───── The data ─────

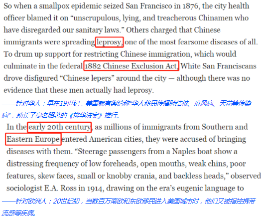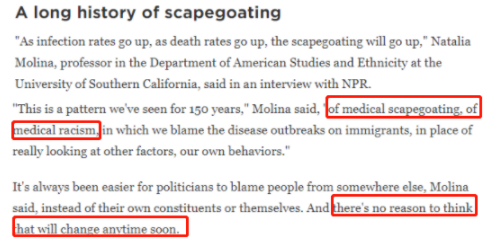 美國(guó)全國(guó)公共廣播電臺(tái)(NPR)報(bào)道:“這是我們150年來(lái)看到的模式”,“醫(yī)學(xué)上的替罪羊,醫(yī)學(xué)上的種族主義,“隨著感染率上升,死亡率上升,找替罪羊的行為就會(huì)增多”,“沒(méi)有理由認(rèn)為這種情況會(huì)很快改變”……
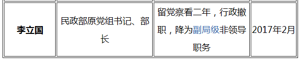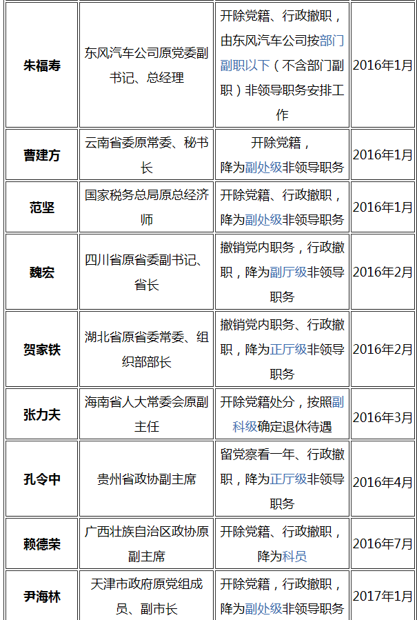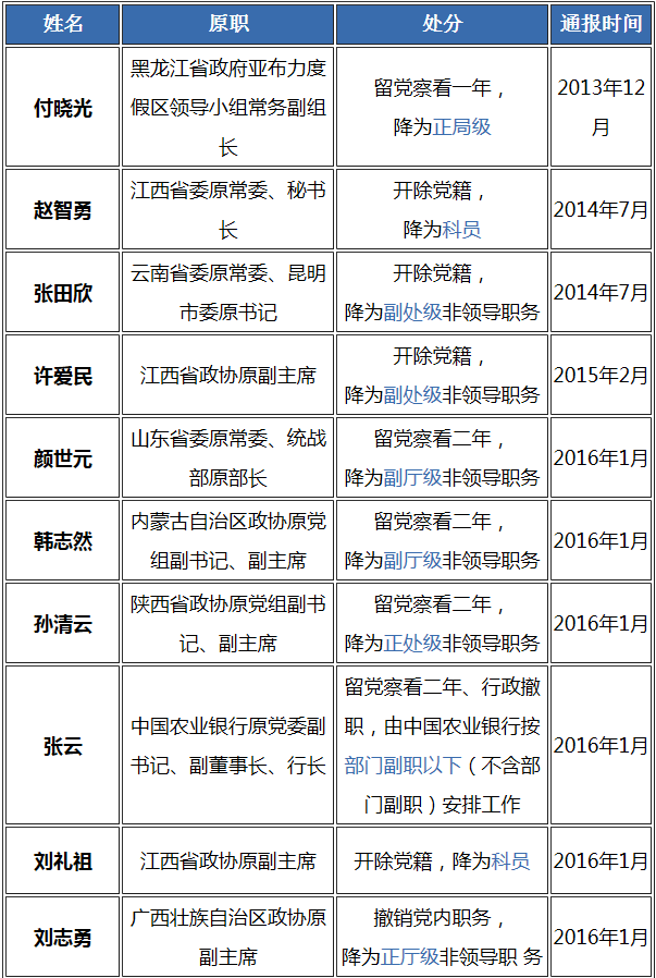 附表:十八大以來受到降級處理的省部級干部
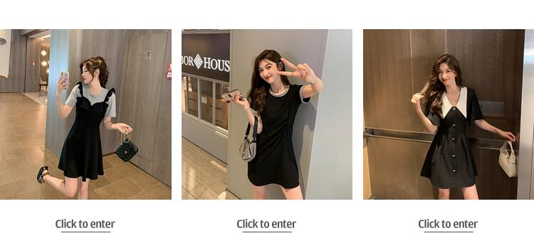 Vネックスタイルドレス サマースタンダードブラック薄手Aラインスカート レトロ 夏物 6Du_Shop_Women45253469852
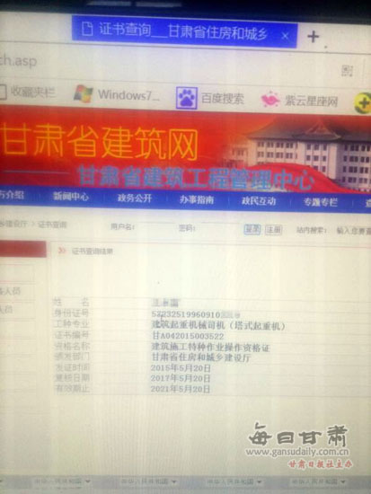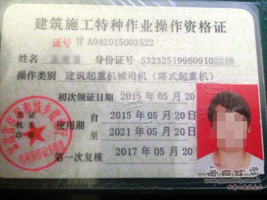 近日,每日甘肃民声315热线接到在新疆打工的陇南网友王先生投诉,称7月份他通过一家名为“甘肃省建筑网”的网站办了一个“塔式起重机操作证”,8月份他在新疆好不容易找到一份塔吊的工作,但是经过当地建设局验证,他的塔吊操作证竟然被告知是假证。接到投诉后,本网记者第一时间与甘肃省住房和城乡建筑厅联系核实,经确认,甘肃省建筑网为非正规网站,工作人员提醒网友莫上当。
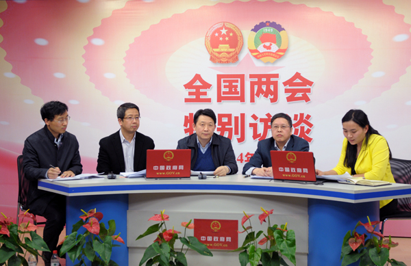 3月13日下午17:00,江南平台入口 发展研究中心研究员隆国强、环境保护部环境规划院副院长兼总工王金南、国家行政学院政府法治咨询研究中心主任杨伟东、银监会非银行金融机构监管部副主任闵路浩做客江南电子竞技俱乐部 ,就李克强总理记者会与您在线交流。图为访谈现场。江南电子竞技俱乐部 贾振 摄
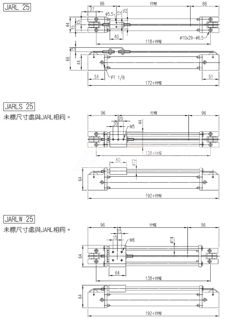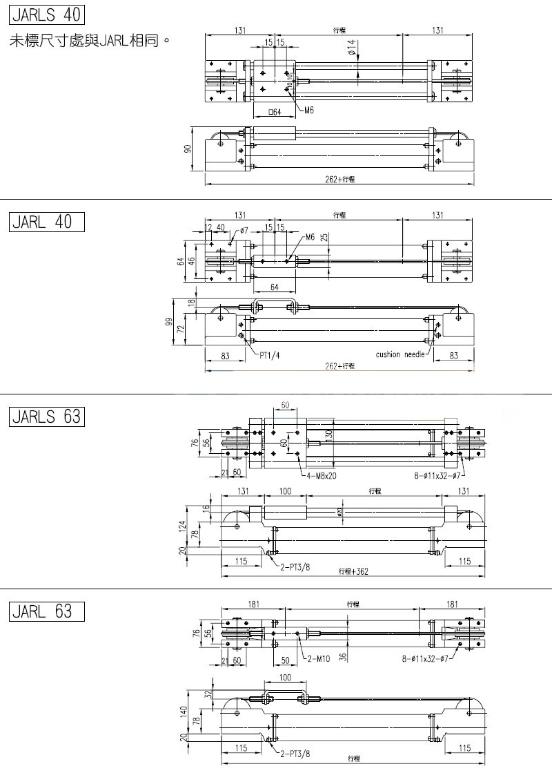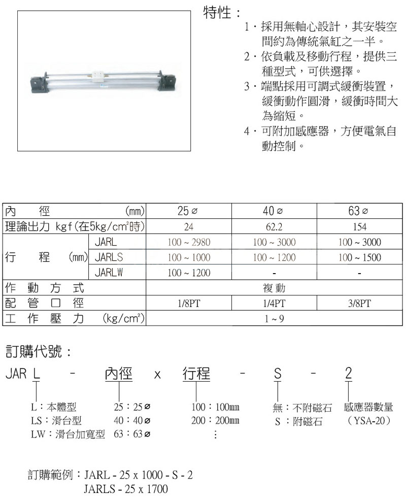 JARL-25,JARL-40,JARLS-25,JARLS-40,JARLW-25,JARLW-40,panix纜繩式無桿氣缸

─────

*Instructions for the task*
Set the listing down verbatim, excluding pictures.

*Task result*
 美國(guó)全國(guó)公共廣播電臺(tái)(NPR)報(bào)道:“這是我們150年來(lái)看到的模式”,“醫(yī)學(xué)上的替罪羊,醫(yī)學(xué)上的種族主義,“隨著感染率上升,死亡率上升,找替罪羊的行為就會(huì)增多”,“沒(méi)有理由認(rèn)為這種情況會(huì)很快改變”……
 附表:十八大以來受到降級處理的省部級干部
 Vネックスタイルドレス サマースタンダードブラック薄手Aラインスカート レトロ 夏物 6Du_Shop_Women45253469852
 近日,每日甘肃民声315热线接到在新疆打工的陇南网友王先生投诉,称7月份他通过一家名为“甘肃省建筑网”的网站办了一个“塔式起重机操作证”,8月份他在新疆好不容易找到一份塔吊的工作,但是经过当地建设局验证,他的塔吊操作证竟然被告知是假证。接到投诉后,本网记者第一时间与甘肃省住房和城乡建筑厅联系核实,经确认,甘肃省建筑网为非正规网站,工作人员提醒网友莫上当。
 3月13日下午17:00,江南平台入口 发展研究中心研究员隆国强、环境保护部环境规划院副院长兼总工王金南、国家行政学院政府法治咨询研究中心主任杨伟东、银监会非银行金融机构监管部副主任闵路浩做客江南电子竞技俱乐部 ,就李克强总理记者会与您在线交流。图为访谈现场。江南电子竞技俱乐部 贾振 摄
 JARL-25,JARL-40,JARLS-25,JARLS-40,JARLW-25,JARLW-40,panix纜繩式無桿氣缸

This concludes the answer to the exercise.